(EXTRACTED RECORDS Opens)

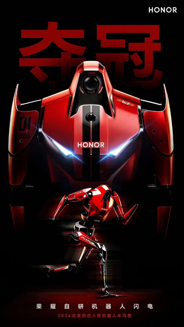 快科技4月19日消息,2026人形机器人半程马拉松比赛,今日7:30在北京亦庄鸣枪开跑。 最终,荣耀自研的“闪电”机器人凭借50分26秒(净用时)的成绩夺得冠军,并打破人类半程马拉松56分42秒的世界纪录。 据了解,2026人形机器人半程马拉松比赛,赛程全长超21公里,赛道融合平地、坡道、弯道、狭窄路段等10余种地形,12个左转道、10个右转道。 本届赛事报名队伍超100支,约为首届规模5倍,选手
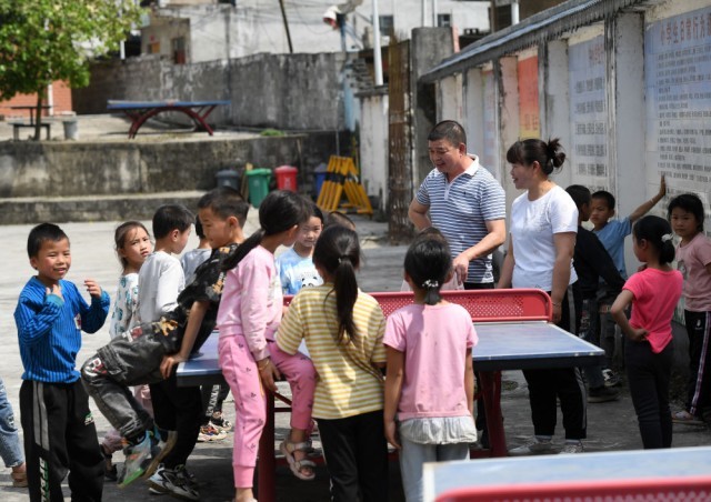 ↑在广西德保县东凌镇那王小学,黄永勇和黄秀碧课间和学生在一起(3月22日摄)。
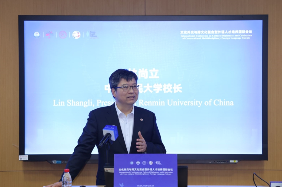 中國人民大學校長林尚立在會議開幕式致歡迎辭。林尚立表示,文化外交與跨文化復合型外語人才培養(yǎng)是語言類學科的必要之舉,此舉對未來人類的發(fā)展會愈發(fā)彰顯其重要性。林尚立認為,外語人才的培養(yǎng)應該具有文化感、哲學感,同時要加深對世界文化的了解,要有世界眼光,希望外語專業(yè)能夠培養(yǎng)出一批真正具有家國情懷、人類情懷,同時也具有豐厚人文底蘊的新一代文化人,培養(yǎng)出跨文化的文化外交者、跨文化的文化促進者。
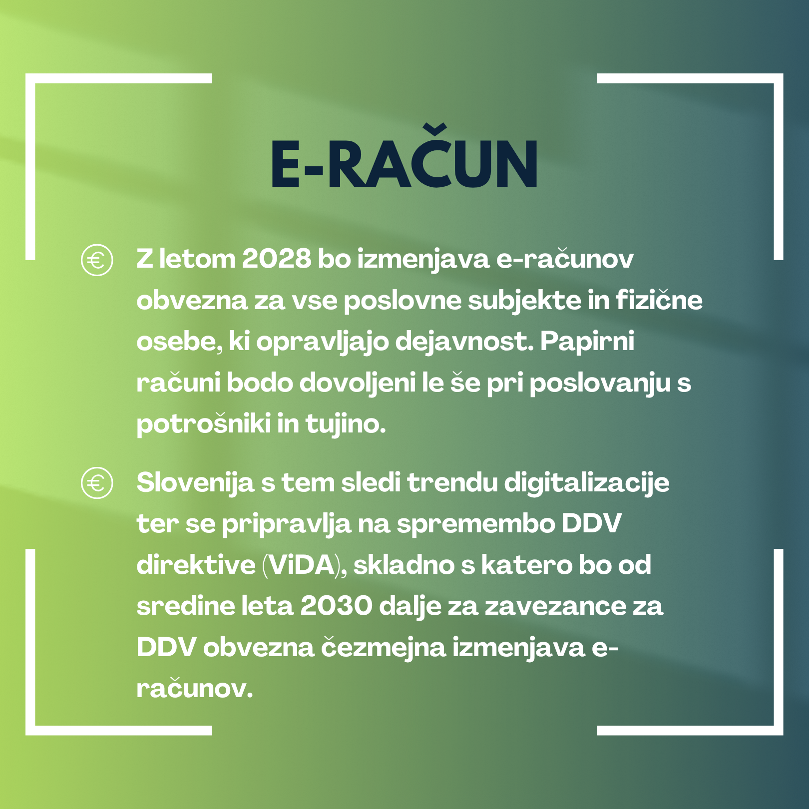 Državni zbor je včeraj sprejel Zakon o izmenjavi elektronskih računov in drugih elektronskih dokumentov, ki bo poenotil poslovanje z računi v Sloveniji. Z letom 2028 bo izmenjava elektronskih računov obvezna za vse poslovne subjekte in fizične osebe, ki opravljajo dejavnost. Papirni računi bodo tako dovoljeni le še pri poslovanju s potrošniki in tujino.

(EXTRACTED RECORDS Closes)
(EXTRACTED RECORDS Opens)

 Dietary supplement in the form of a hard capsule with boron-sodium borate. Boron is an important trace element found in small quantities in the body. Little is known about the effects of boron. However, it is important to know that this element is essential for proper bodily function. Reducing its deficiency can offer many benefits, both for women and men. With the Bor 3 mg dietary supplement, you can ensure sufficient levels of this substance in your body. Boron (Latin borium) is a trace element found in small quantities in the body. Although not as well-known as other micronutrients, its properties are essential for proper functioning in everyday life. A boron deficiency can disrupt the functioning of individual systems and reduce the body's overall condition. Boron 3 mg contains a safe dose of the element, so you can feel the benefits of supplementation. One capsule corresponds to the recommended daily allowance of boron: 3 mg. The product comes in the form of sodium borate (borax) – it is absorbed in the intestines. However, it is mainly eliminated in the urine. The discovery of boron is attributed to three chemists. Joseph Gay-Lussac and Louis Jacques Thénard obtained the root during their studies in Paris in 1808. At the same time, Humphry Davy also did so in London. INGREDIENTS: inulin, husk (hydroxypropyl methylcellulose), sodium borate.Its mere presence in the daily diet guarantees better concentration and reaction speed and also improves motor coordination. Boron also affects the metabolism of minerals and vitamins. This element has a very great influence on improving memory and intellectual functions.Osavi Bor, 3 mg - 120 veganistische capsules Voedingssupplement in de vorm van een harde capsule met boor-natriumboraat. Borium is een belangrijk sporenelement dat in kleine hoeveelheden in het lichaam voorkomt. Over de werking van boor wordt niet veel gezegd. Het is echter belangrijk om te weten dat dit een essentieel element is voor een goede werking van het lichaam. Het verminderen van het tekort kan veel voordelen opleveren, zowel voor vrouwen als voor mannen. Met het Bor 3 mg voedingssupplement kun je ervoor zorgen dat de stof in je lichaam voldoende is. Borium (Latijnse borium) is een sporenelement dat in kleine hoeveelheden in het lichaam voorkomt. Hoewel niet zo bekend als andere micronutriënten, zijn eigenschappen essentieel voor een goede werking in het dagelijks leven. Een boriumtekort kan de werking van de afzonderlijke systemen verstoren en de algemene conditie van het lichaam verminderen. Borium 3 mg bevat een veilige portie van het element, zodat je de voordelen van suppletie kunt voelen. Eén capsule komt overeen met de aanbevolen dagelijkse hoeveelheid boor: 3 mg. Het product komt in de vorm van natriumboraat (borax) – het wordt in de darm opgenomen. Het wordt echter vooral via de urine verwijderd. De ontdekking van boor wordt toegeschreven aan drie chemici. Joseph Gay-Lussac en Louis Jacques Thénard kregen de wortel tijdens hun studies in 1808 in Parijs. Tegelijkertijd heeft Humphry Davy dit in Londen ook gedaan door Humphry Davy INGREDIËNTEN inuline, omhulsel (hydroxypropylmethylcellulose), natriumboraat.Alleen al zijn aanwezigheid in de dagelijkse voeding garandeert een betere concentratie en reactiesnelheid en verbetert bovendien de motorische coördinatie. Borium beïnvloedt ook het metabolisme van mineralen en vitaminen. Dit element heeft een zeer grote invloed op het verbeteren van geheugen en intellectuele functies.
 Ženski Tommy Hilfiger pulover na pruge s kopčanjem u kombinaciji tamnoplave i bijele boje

(EXTRACTED RECORDS Closes)
(EXTRACTED RECORDS Opens)

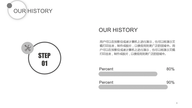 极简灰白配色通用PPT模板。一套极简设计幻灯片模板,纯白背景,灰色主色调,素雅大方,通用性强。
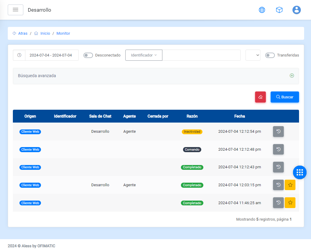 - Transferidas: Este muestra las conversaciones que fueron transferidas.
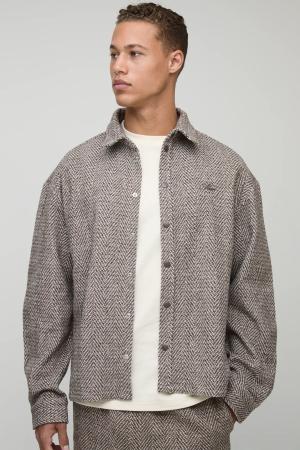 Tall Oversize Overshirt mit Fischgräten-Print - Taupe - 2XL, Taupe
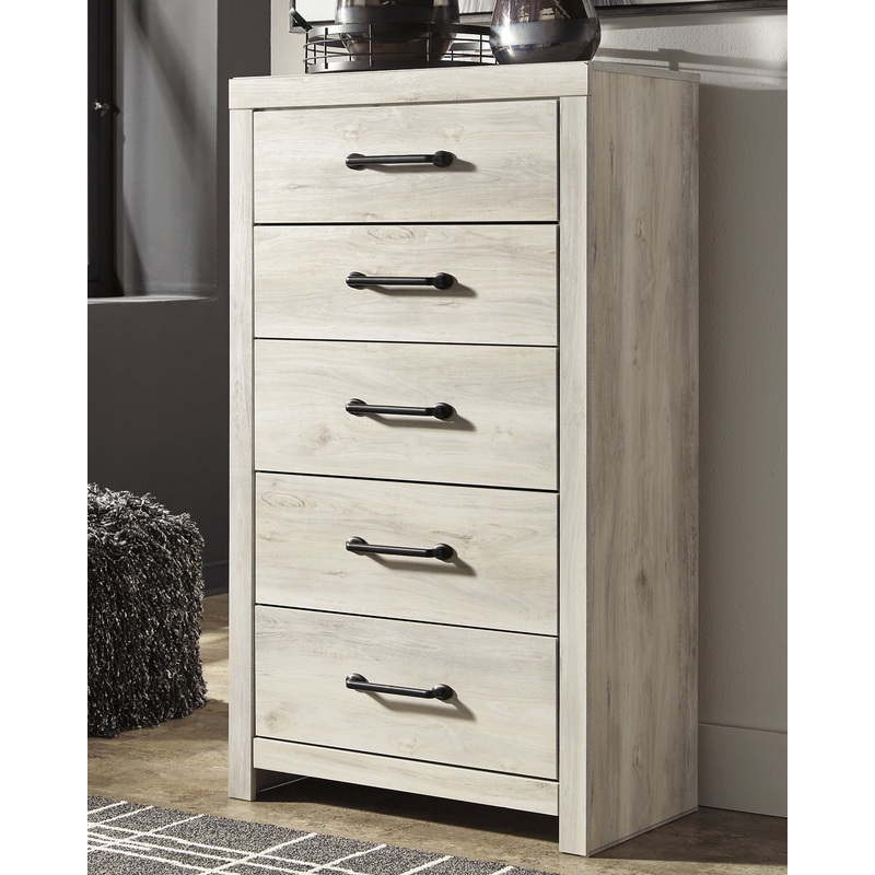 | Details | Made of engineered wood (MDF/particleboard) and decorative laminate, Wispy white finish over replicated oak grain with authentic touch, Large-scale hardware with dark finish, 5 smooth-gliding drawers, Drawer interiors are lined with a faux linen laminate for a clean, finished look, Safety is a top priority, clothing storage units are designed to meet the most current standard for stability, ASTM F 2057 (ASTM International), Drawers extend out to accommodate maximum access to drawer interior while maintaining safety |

(EXTRACTED RECORDS Closes)

▶ [TASK DETAILS]:
Copy needed, without pictures: the lines of the listing above from the line containing "中國人民大學校長林尚立在會議" up to and including the line containing "Državni zbor je", set down exactly.

▶ [TASK SOLUTION]:
 中國人民大學校長林尚立在會議開幕式致歡迎辭。林尚立表示,文化外交與跨文化復合型外語人才培養(yǎng)是語言類學科的必要之舉,此舉對未來人類的發(fā)展會愈發(fā)彰顯其重要性。林尚立認為,外語人才的培養(yǎng)應該具有文化感、哲學感,同時要加深對世界文化的了解,要有世界眼光,希望外語專業(yè)能夠培養(yǎng)出一批真正具有家國情懷、人類情懷,同時也具有豐厚人文底蘊的新一代文化人,培養(yǎng)出跨文化的文化外交者、跨文化的文化促進者。
 Državni zbor je včeraj sprejel Zakon o izmenjavi elektronskih računov in drugih elektronskih dokumentov, ki bo poenotil poslovanje z računi v Sloveniji. Z letom 2028 bo izmenjava elektronskih računov obvezna za vse poslovne subjekte in fizične osebe, ki opravljajo dejavnost. Papirni računi bodo tako dovoljeni le še pri poslovanju s potrošniki in tujino.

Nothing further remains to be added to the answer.